• Exercise input
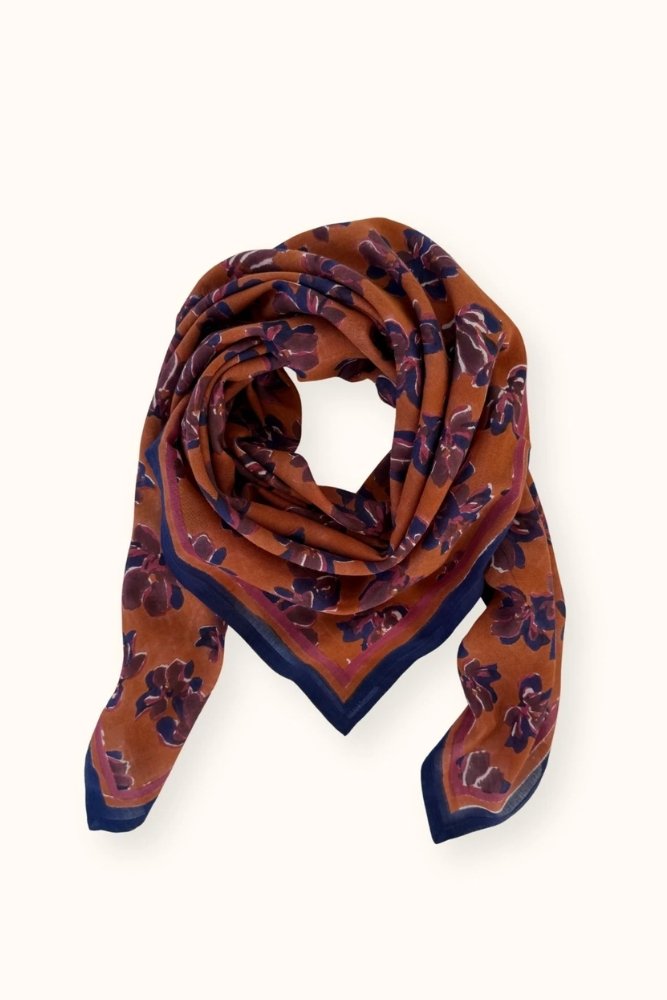 Ce joli foulard est confectionné de manière artisanale grâce à la technique indienne du block-print. Ses couleurs sont réalisées à partir de pigments naturels. Cette confection manuelle peut entraîner certaines “irrégularités” dont nous aimons le charme…
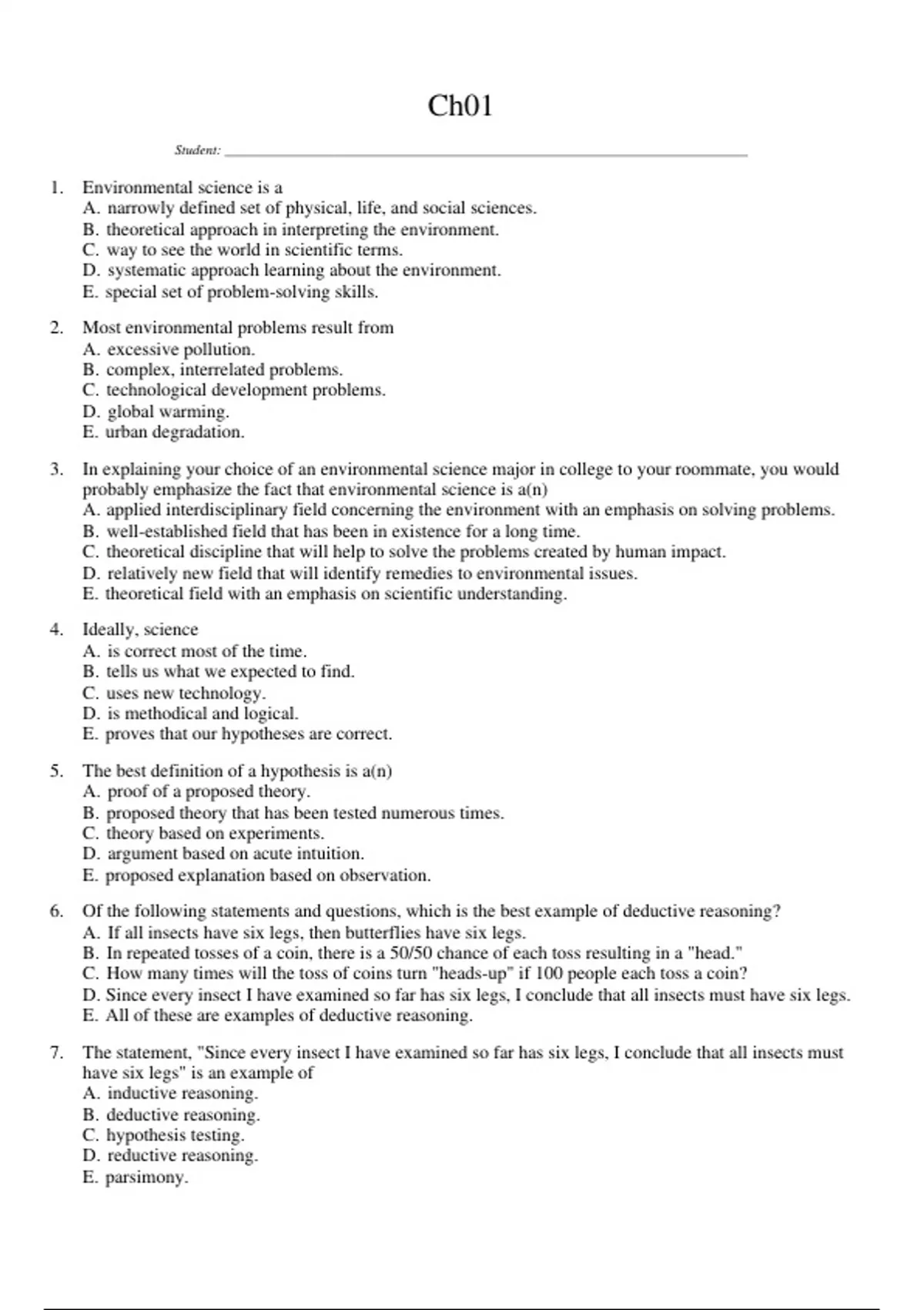 Study Efficiently with the Updated 2023 [Principles of Environmental Science Inquiry and Applications, Cunningham,7e] Test Bank
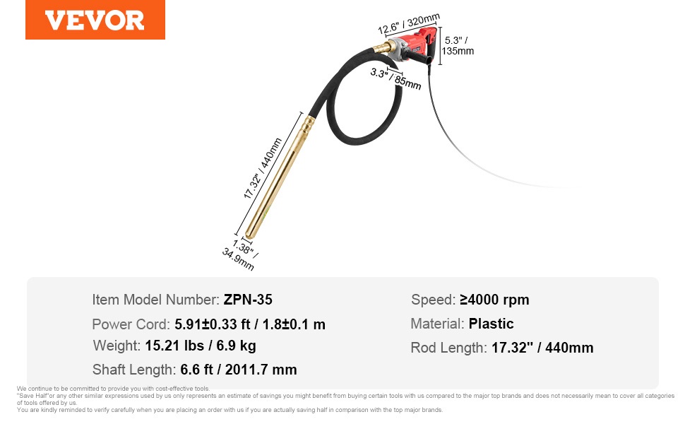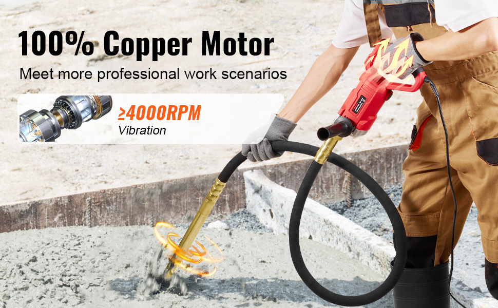 Je vybavený medeným motorom, poskytuje frekvenciu vibrácií 4000 RPM a účinne prenáša vibrácie cez betón, čím zabezpečuje rovnomerné rozloženie a pevné zhutnenie.
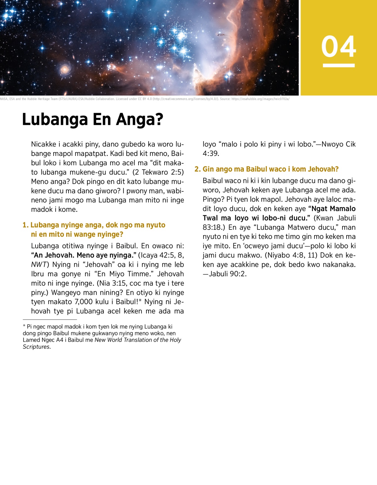 Lubanga otitiwa nyinge i Baibul. En owaco ni: “An Jehovah. Meno aye nyinga.” (Icaya 42:5, 8, NWT) Nying ni “Jehovah” oa ki i nying me leb Ibru ma gonye ni “En Miyo Timme.” Jehovah mito ni inge nyinge. (Nia 3:15, coc ma tye i tere piny.) Wangeyo man nining? En otiyo ki nyinge tyen makato 7,000 kulu i Baibul!a Nying ni Jehovah tye pi Lubanga acel keken me ada ma loyo “malo i polo ki piny i wi lobo.”—Nwoyo Cik 4:39.
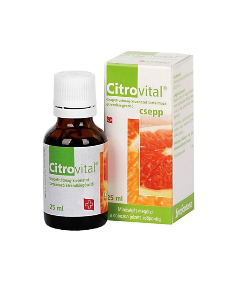 Citrovital picături  – Extract din seminţe de grapefruit -Substanţa activă împiedică înmulţirea bacteriilor, viruşilor şi fungilor. Are efect imunostimulent, ajută organismul în caz de răceală, infecţii sau inflamaţii.

• The problem
Now repeat exactly the lines from the one with "Lubanga otitiwa nyinge" through the end of the listing above, both included, omitting all pictures.

• Solution to this exercise
 Lubanga otitiwa nyinge i Baibul. En owaco ni: “An Jehovah. Meno aye nyinga.” (Icaya 42:5, 8, NWT) Nying ni “Jehovah” oa ki i nying me leb Ibru ma gonye ni “En Miyo Timme.” Jehovah mito ni inge nyinge. (Nia 3:15, coc ma tye i tere piny.) Wangeyo man nining? En otiyo ki nyinge tyen makato 7,000 kulu i Baibul!a Nying ni Jehovah tye pi Lubanga acel keken me ada ma loyo “malo i polo ki piny i wi lobo.”—Nwoyo Cik 4:39.
 Citrovital picături  – Extract din seminţe de grapefruit -Substanţa activă împiedică înmulţirea bacteriilor, viruşilor şi fungilor. Are efect imunostimulent, ajută organismul în caz de răceală, infecţii sau inflamaţii.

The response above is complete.